The Company has entered into a service agreement with DME Advisors pursuant to which DME Advisors will provide investor relations services to us for compensation of $5,000 per month plus expenses. The service agreement had an initial term of one year and continues for sequential one-year periods until terminated by us or DME Advisors. Either party may terminate the service agreement for any reason with 30 days prior written notice to the other party.

Our related party transactions are presented in Note 11 to the accompanying condensed consolidated financial statements.

Effects of Inflation
 
Inflation generally affects the cost of claims and claim expenses, as well as asset values in our investment portfolio. Our pricing and reserving models incorporate the anticipated effects of inflation on our claim costs. However, we cannot predict or estimate the onset, duration, and severity of an inflationary period with precision.
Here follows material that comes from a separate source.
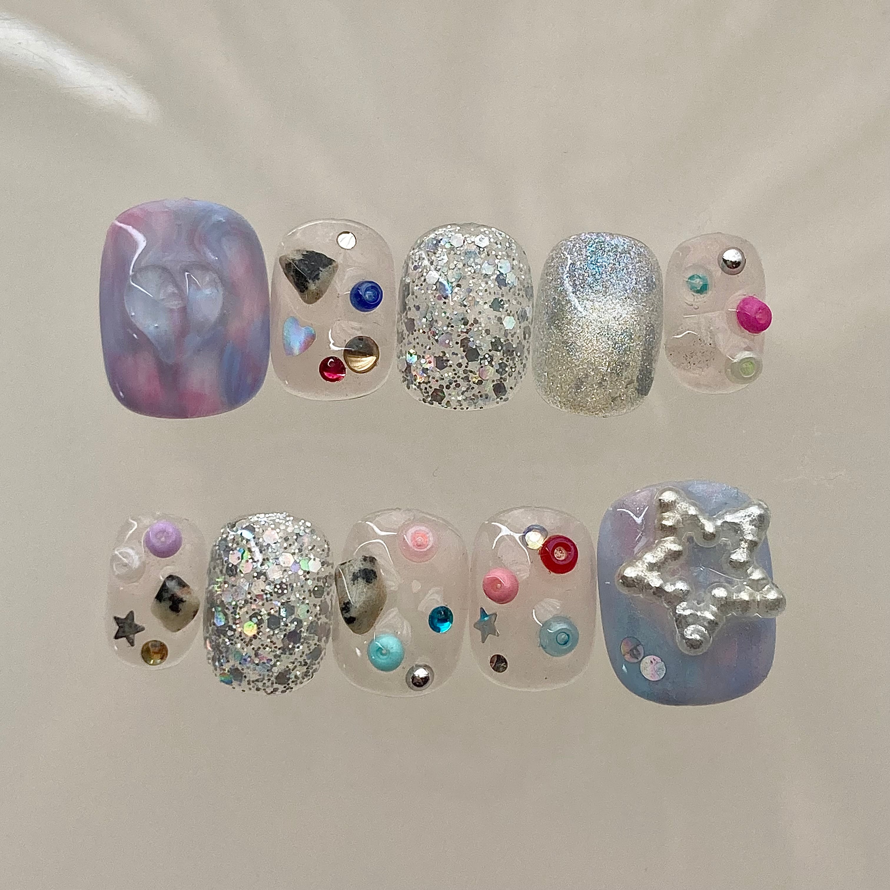 twinkle|韓国ネイル 韓国風ネイル ネイルチップ ブルーネイル ニュアンスネイル リボンネイル ハートネイル キラキラネイル ビーズネイル マグネットネイル 天然石ネイル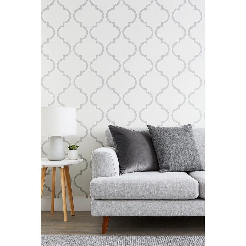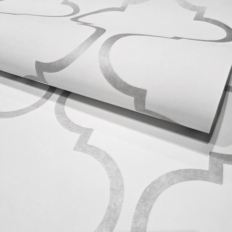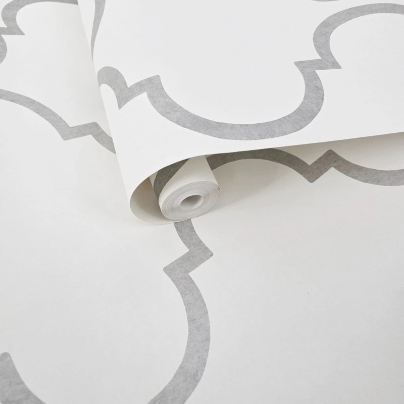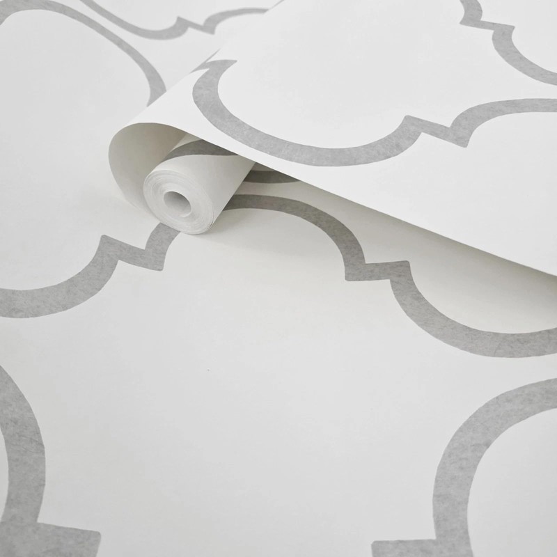 Classic Moroccan Trellis Soft Off White Gray Textured geo Ogee Wallpaper roll 3D

The actual effect of inflation may differ significantly from our estimate.

Item 3.    QUANTITATIVE AND QUALITATIVE DISCLOSURES ABOUT MARKET RISK
 
We believe we are principally exposed to the following types of market risk: 
equity price risk;
commodity price risk;
foreign currency risk;
interest rate risk;
credit risk; and
political risk.
 
Equity Price Risk
At March 31, 2022, our investments consisted primarily of an investment in SILP. Among SILP’s holdings are equity securities, the carrying values of which are based primarily on quoted market prices. Generally, market prices of common equity securities are subject to fluctuation, which could cause the amount to be realized upon the closing of a position to differ significantly from its current reported value. This risk is partly mitigated by the presence of both long and short equity securities as part of our investment strategy. At March 31, 2022, a 10% decline in the price of each of the underlying listed equity securities and equity-based derivative instruments would result in a $4.8 million loss to our Investment Portfolio.
 
Computations of the prospective effects of hypothetical equity price changes are based on numerous assumptions, including the maintenance of the current composition of SILP’s portfolio. The computations should not be relied on as indicative of future results.

Commodity Price Risk
Generally, market prices of commodities are subject to fluctuation. SILP’s investments periodically include long or short investments in commodities or derivatives directly impacted by fluctuations in the prices of commodities. At March 31, 2022, SILP’s investments incorporate unhedged exposure to changes in gold, silver, and crude oil prices.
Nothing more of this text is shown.